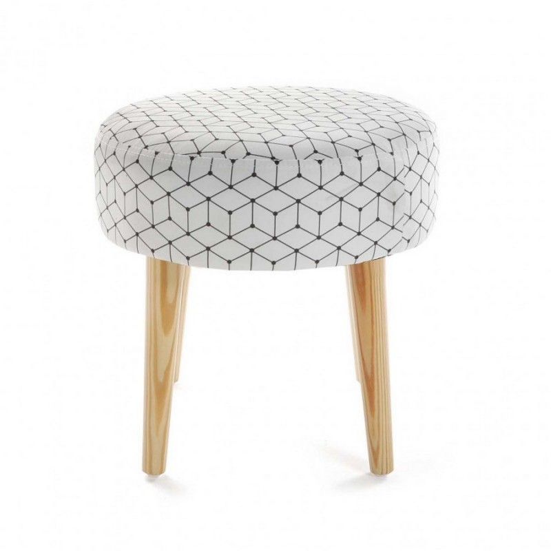 tabouret rond tissu design scandinave 4 pieds bois versa
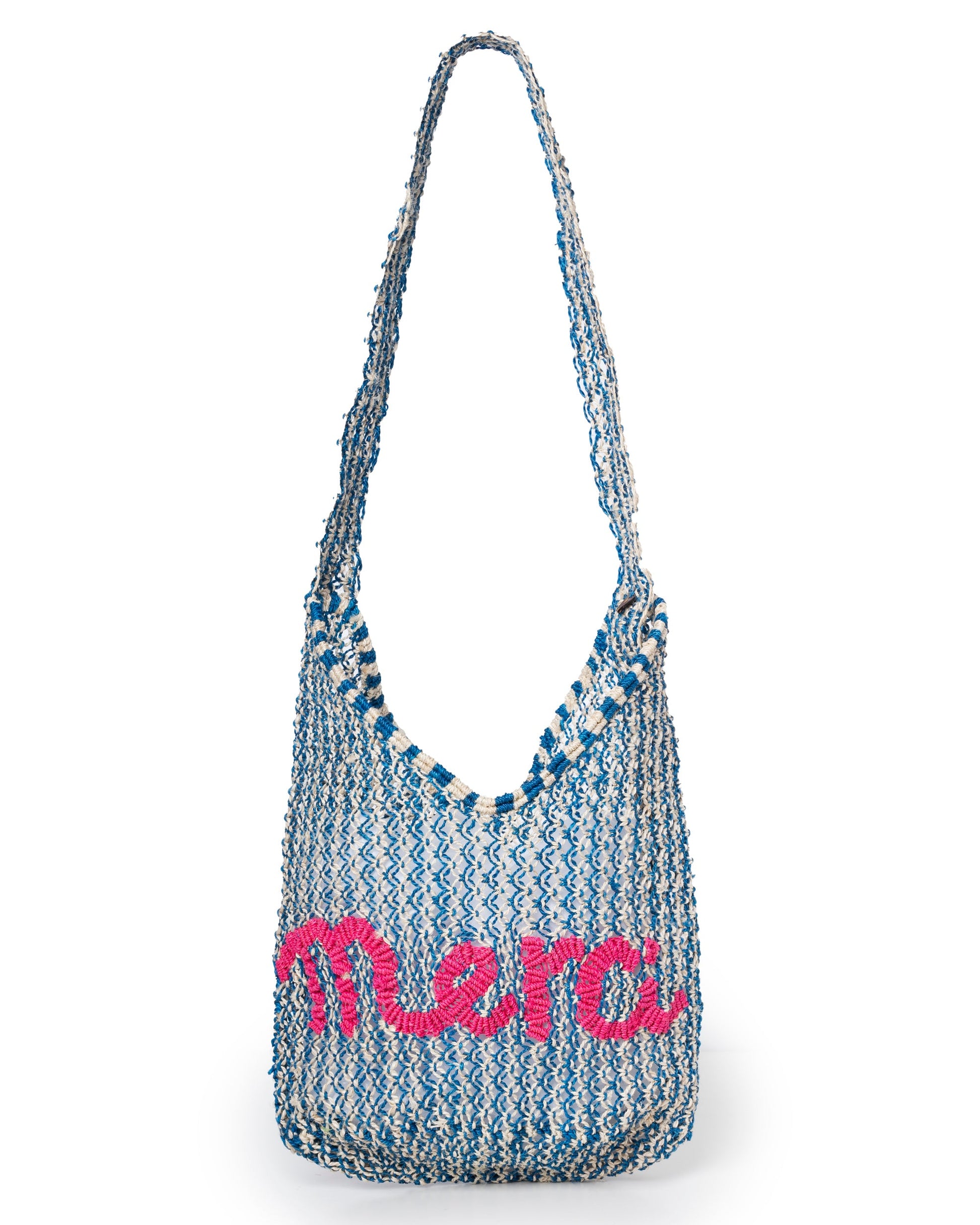 • Colorway: Natural raffia complemented by cobalt blue highlights
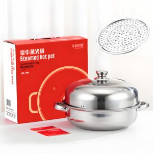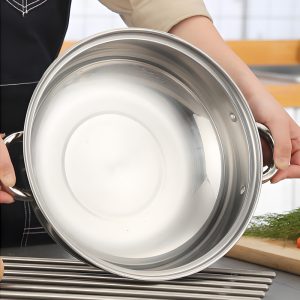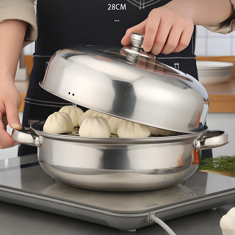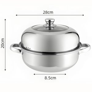 This 28cm thickened stainless steel pot features a dual-layer design for steaming, boiling and hot pot use. Equipped with sturdy dual handles for safe handling, it ensures even heat distribution and long-lasting durability. Compatible with induction cookers and all stoves, this multi-purpose soup steamer pot is not only practical for daily cooking but also an ideal gift choice for family and friends.
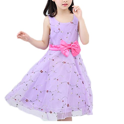 Ruideng ガールズサマープリンセスドレススカートノースリーブのドレス ワンピースのスカートのドレスチュチュの公演発表会 結婚式 入園式 演奏会 (160cm, パープル)
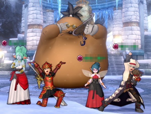ドン・モグーラと全く同じメンバー・職業。正直言ってあまり勝てると思っていなかったのですが、全滅の危機から立て直し、魔造兵を潰しながら合間に本体も攻撃している間に、本体のHPがオレンジ、赤・・・これは行ける!→6分ほどで勝利!
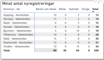 Topplistan sorterad i den andra riktningen, dvs minst antal registrerade, toppas av Arjeplog i en annars Västerbotten-dominerad lista.
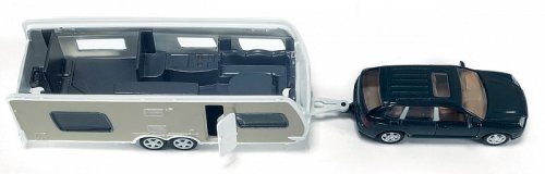 Sada s Porsche Cayenne Turbo jako tažné auto a "Exclusive Emotion" karavan od firmy Dethleff tvoří nepřehlédnutelný komplet. Porsche Cayenne je vypracován do jemných detailů a karavan s mnoha funkcemi a velkým množstvím nápisů dotváří dobrý pocit z tohoto modelu. Karavan má odnímatelnou střechu, takže můžete bez problémů nahlédnout dovnitř a hrát si s figurkami, které jsou součástí sady. Karavanu, stejně jako modelu Porsche, se otevírají dveře. Sada také obsahuje čtyři figurky, dvě židle, stolek, lehátko, gril a slunečník. Rozměr: 228 x 44 x 47 mm. Rozměr balení: 25,5 x 5,9 x 11,5 cm. Věk: 3+
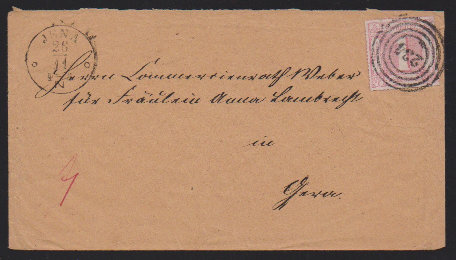 1 Sgr. rosa auf beigem Prachtcouvert von Jena nach Gera, Mi. 150,-
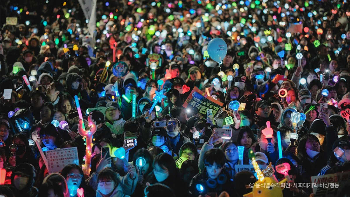 12.3 ๋น„์ƒ๊ณ„์—„ ์„ ํฌ ์ดํ›„ ๋งŽ์€ ์‚ฌ๋žŒ๋“ค์ด ๊ด‘์žฅ์œผ๋กœ ๋‚˜์„œ๊ณ  ์žˆ์ž–์•„์š”. ๊ทธ๋Ÿฐ๋ฐ ์œค์„์—ด ๋Œ€ํ†ต๋ น ํƒ„ํ•ต ์‹œ์œ„๋ฅผ ์ด๋ˆ ์ฃผ์—ญ์ด ์žˆ์—ˆ์œผ๋‹ˆ, 2030 ์ฒญ๋…„ ์—ฌ์„ฑ๋“ค์ด์—์š”. ์—ฌ์˜๋„·๋‚จํƒœ๋ น·๊ด‘ํ™”๋ฌธ ๋“ฑ ํƒ„ํ•ต ์‹œ์œ„๊ฐ€ ์—ด๋ฆฌ๋Š” ์ž๋ฆฌ๋ฉด ์–ด๋””๋“  ์‘์›๋ด‰์„ ๋“  ์ฒญ๋…„ ์—ฌ์„ฑ๋“ค์„ ๋งŽ์ด ๋ณผ ์ˆ˜ ์žˆ์—ˆ๋Š”๋ฐ์š”. ํŠนํžˆ ์ฒญ๋…„ ์—ฌ์„ฑ๋“ค์˜ KํŒ ํŒฌ๋ค ๋ฌธํ™”๊ฐ€ ์‹œ์œ„์— ์˜ํ–ฅ์„ ๋ฏธ์น˜๋ฉด์„œ ์ด์ „ ์‹œ์œ„์—์„  ๋“ฑ์žฅํ•˜์ง€ ์•Š์•˜๋˜ ์‘์›๋ด‰·KํŒ·์„ ๊ฒฐ์ œ ๋ฌธํ™” ๋“ฑ์ด ์ค‘์‹ฌ์ด ๋์–ด์š”
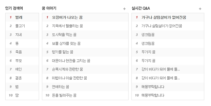 페이지 상단에는 인기 검색어가 나와 있어서 다른 사람들이 자주 찾는 꿈의 의미를 간단히 살펴볼 수 있습니다. 빠르게 참고하고 싶을 때 유용하죠.
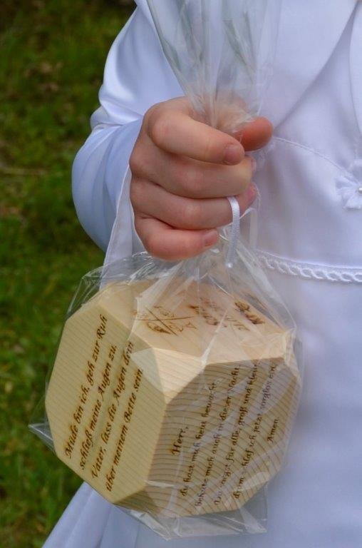 Dieses Jahr hat sich der KFS Winnebach für die Erstkommunionkinder etwas ganz Besonderes einfallen lassen. Jedem Kind wurde ein Gebetswürfel überreicht. Die Kinder hatten eine besondere Freude damit, weil neben einigen Kurzgebeten auch ihr eigener Name mit dem Datum der Erstkommunion eingraviert worden ist.
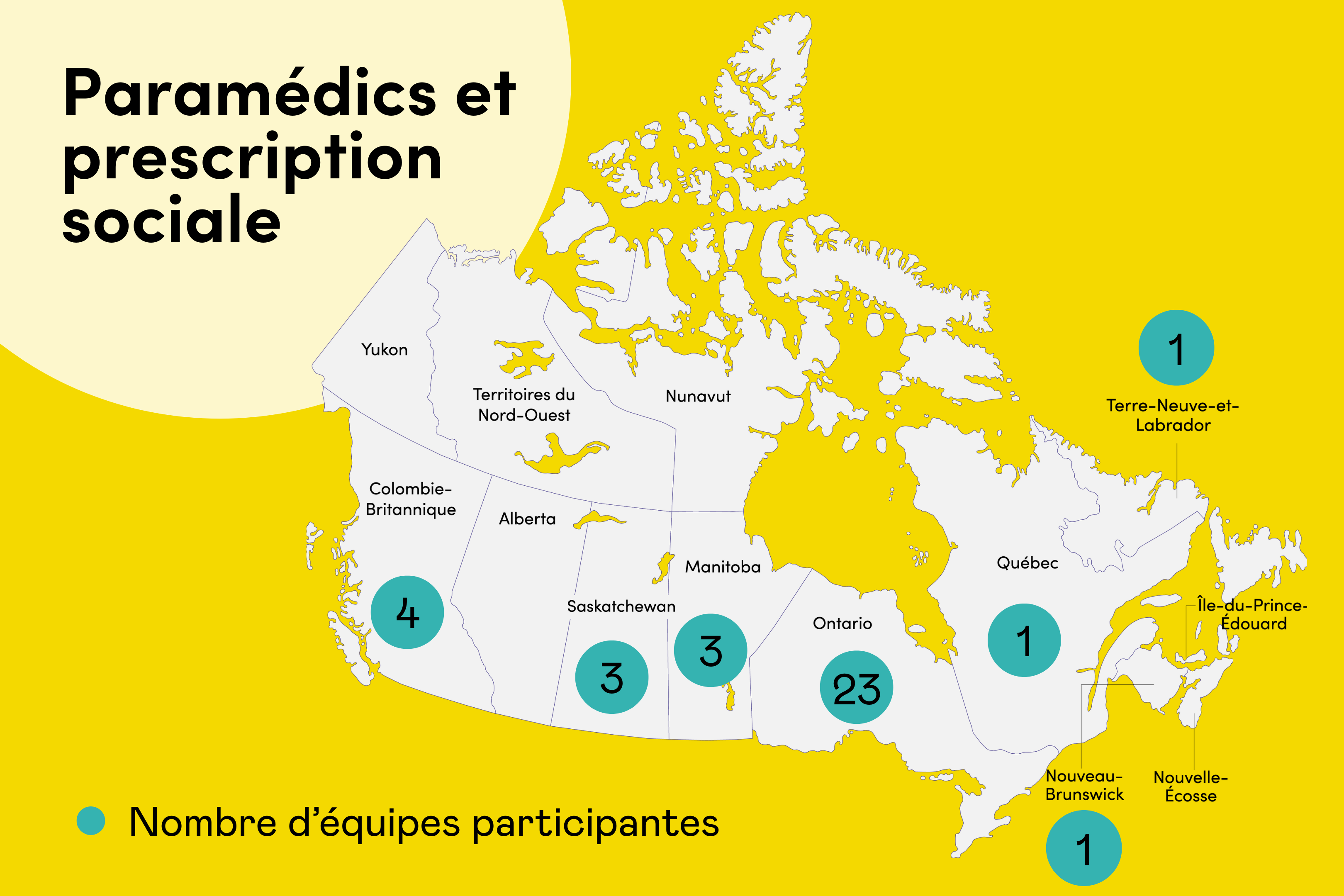 Texte de remplacement : Carte du Canada situant à l'aide de cercles verts les équipes invitées à rejoindre Paramédics et prescription sociale. Texte : Les équipes Paramédics et prescription sociale. Nombre d'équipes participantes.
--------------------
Required action
Copy needed, without pictures: the lines of the listing above from the line containing "This 28cm thickened" up to and including the line containing "Topplistan sorterad i", set down exactly.

Response
 This 28cm thickened stainless steel pot features a dual-layer design for steaming, boiling and hot pot use. Equipped with sturdy dual handles for safe handling, it ensures even heat distribution and long-lasting durability. Compatible with induction cookers and all stoves, this multi-purpose soup steamer pot is not only practical for daily cooking but also an ideal gift choice for family and friends.
 Ruideng ガールズサマープリンセスドレススカートノースリーブのドレス ワンピースのスカートのドレスチュチュの公演発表会 結婚式 入園式 演奏会 (160cm, パープル)
ドン・モグーラと全く同じメンバー・職業。正直言ってあまり勝てると思っていなかったのですが、全滅の危機から立て直し、魔造兵を潰しながら合間に本体も攻撃している間に、本体のHPがオレンジ、赤・・・これは行ける!→6分ほどで勝利!
 Topplistan sorterad i den andra riktningen, dvs minst antal registrerade, toppas av Arjeplog i en annars Västerbotten-dominerad lista.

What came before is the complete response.